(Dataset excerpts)
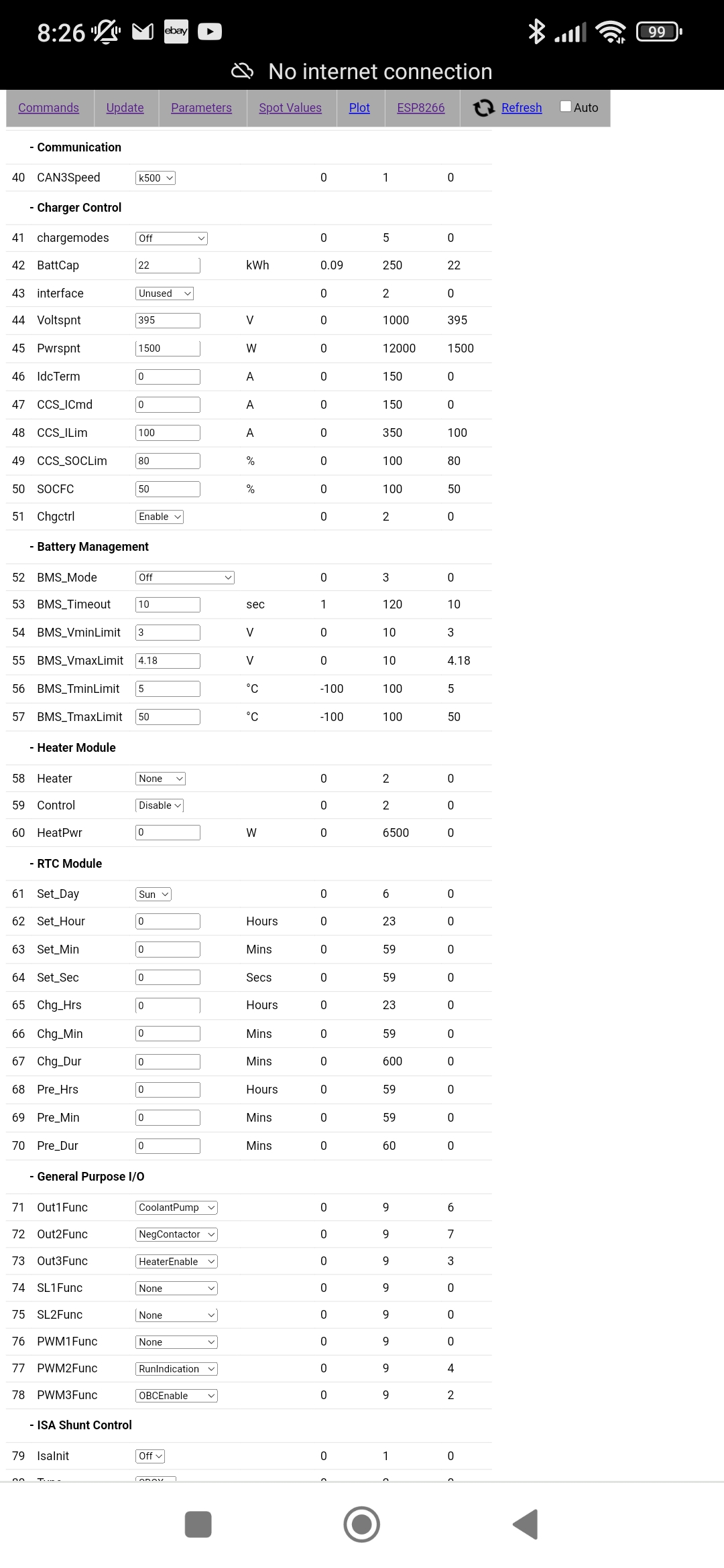 Yes I've dropped that down now as well on BigPies recommendations.andybpowell wrote: ↑Sat Dec 09, 2023 9:38 am Udcmin is set to 50v but is reading 0v as you have no shunt
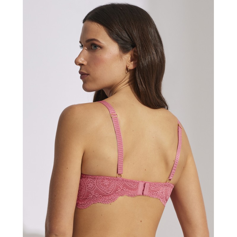 Medium neckline capacity bra. Surround control effect. Ideal for larger sizes. Its spectacular lace design gives it a romantic and bohemian style at the same time. This garment combines sensuality, freshness and elegance, ideal for free and authentic women.
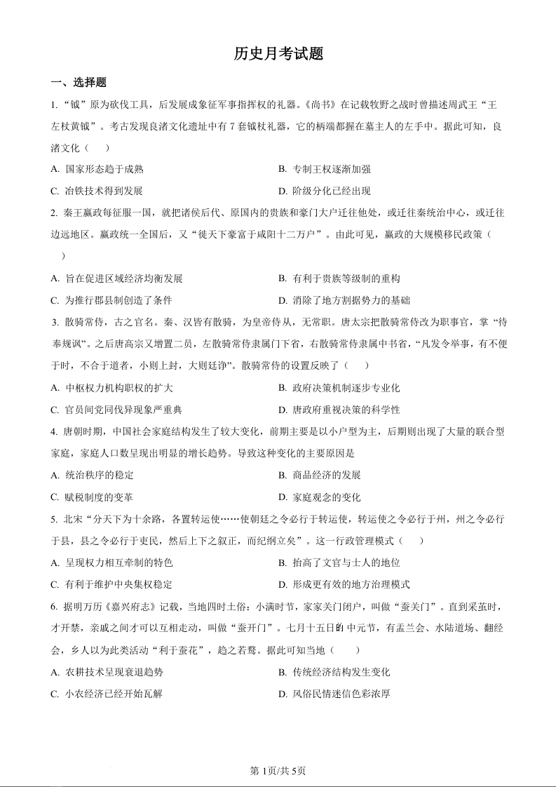 黑龙江省双鸭山市第一中学2024届高三上学期10月历史(原卷版)
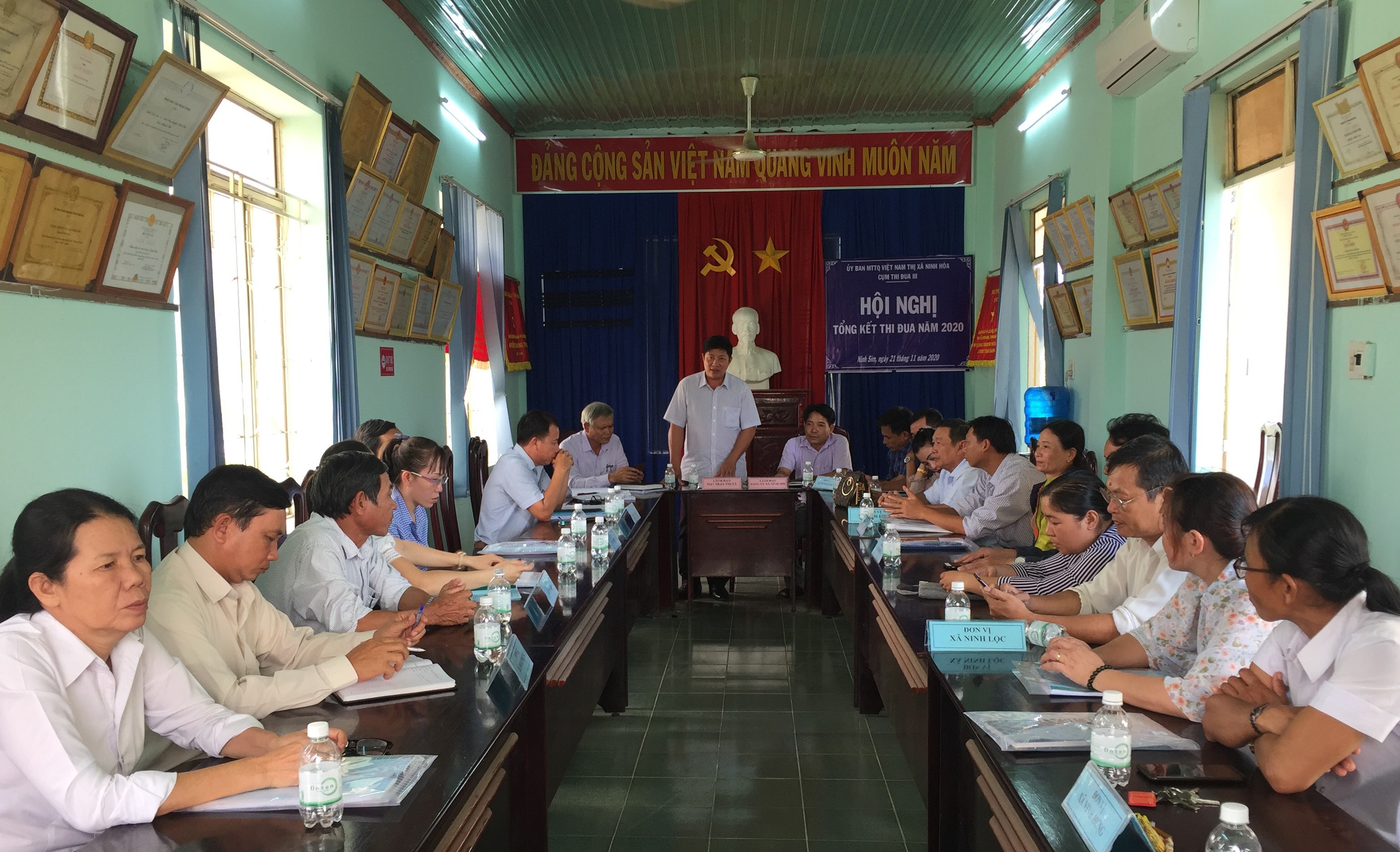 Nhằm đánh giá, xếp loại thi đua công tác Mặt trận cho các Ủy ban MTTQ Việt Nam 27 xã, phường trên địa bàn thị xã Ninh Hòa, Ủy ban MTTQ Việt Nam thị xã đã chỉ đạo Cụm trưởng của 03 Cụm thi đua trong hệ thống Mặt trận cơ sở tổ chức Hội nghị tổng kết thi đua năm 2020.
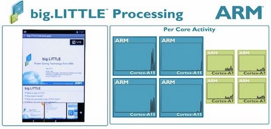Вся суть заключается в том, что при запуске приложений в работу вступают одновременно все 8 ядер, но потом в автоматическом режиме подбирается оптимальное их количество для большей эффективности и сохранения энергии аккумулятора. Также на видео будет продемонстрировано работа лишь 4 ядер процессора Cortex A7 при запущенной игре Angry Birds с периодическим подключением более мощных ядер Cortex A15. Ну и на последнем ролике демонстрируется включение в работу графического ускорителя Mali T628 GPU, который более эффективно обрабатывает изображение, нежели делает это сам процессор.
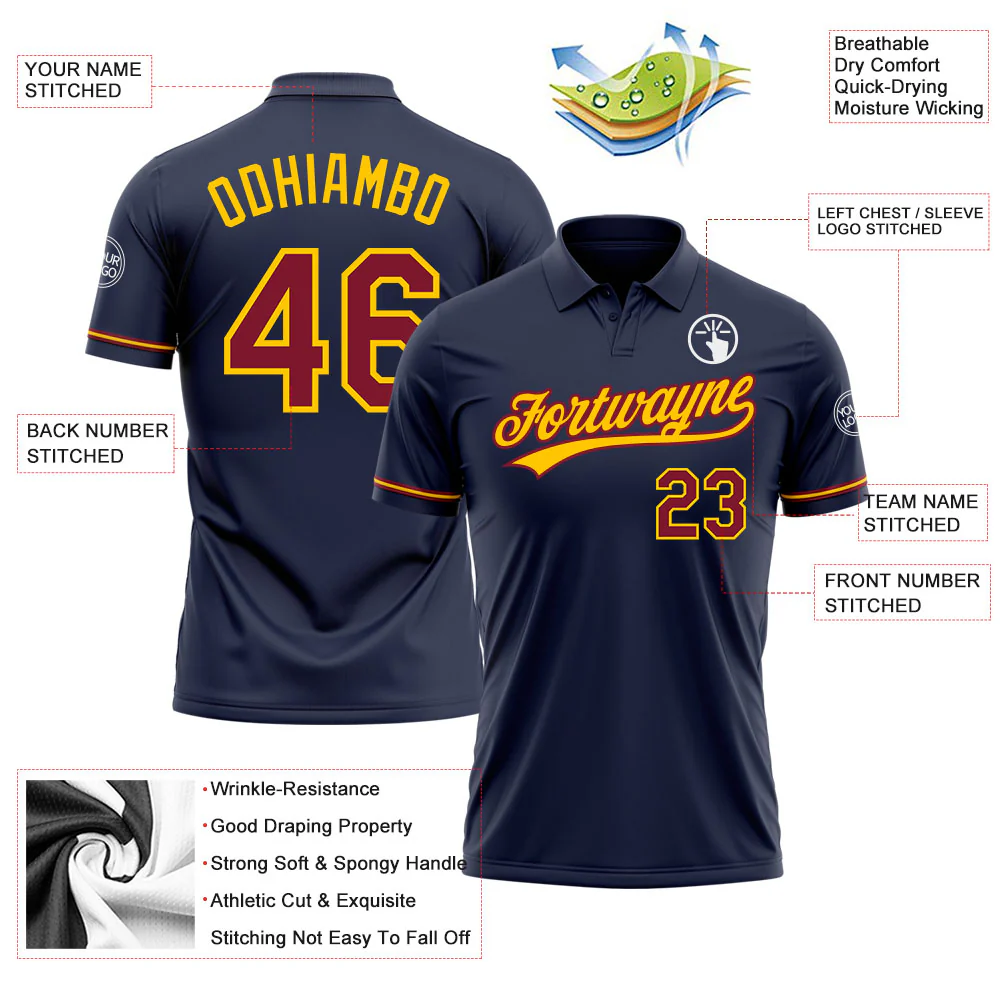 Custom Navy Cimson-Yellow Performance Vapor Golf Polo Shirt
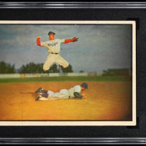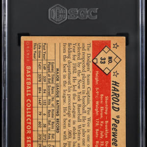 Graded VG 3 by SGC. Rise above the bidding competition for the offered 1953 Bowman Color #33 Pee Wee Reese single. This horizontal jewel portraying the Brooklyn Dodgers Hall of Famer turning two is crease-free and an ideal option for set collectors.
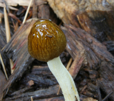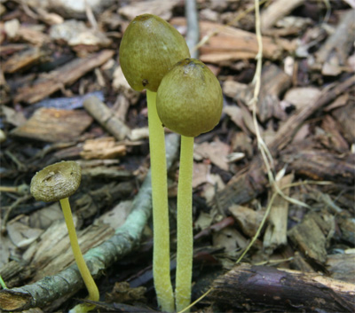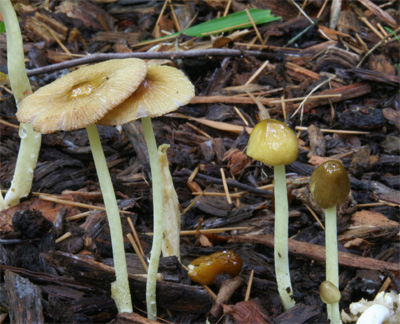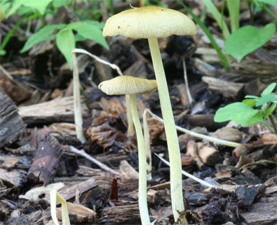 入梅の頃ウッドチップの蒔かれた場所などに発生する小型のキノコ
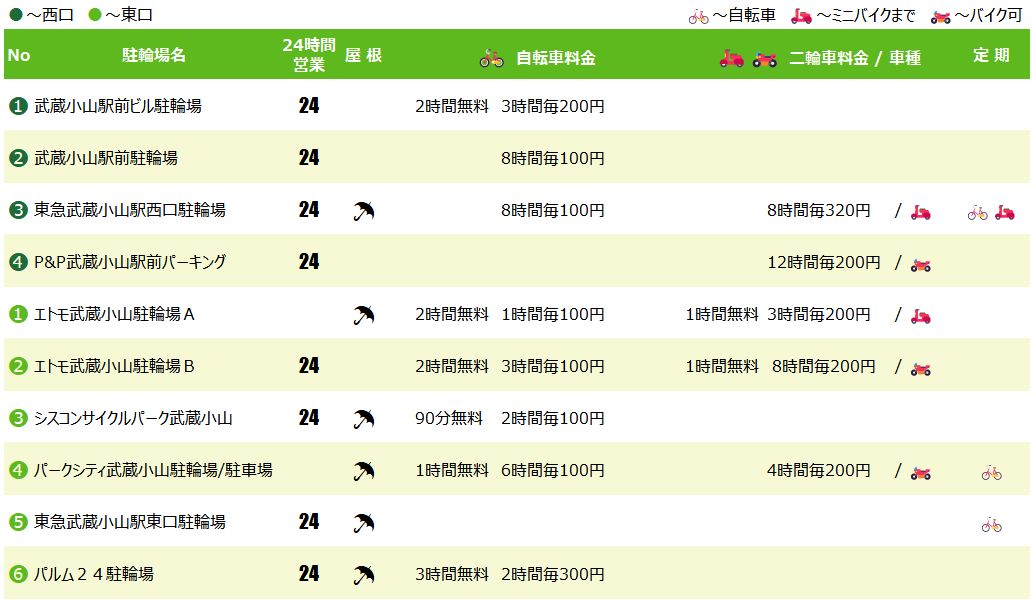 | ⌚ 利用時間 | 自転車5:00~25:00 原付・バイク8:30~22:00 |

WORK TO BE COMPLETED: Repeat, exactly and with no pictures, each line from the line that holds "Graded VG 3" through the last line of the records above.

EXERCISE RESPONSE:
 Graded VG 3 by SGC. Rise above the bidding competition for the offered 1953 Bowman Color #33 Pee Wee Reese single. This horizontal jewel portraying the Brooklyn Dodgers Hall of Famer turning two is crease-free and an ideal option for set collectors.
 入梅の頃ウッドチップの蒔かれた場所などに発生する小型のキノコ
 | ⌚ 利用時間 | 自転車5:00~25:00 原付・バイク8:30~22:00 |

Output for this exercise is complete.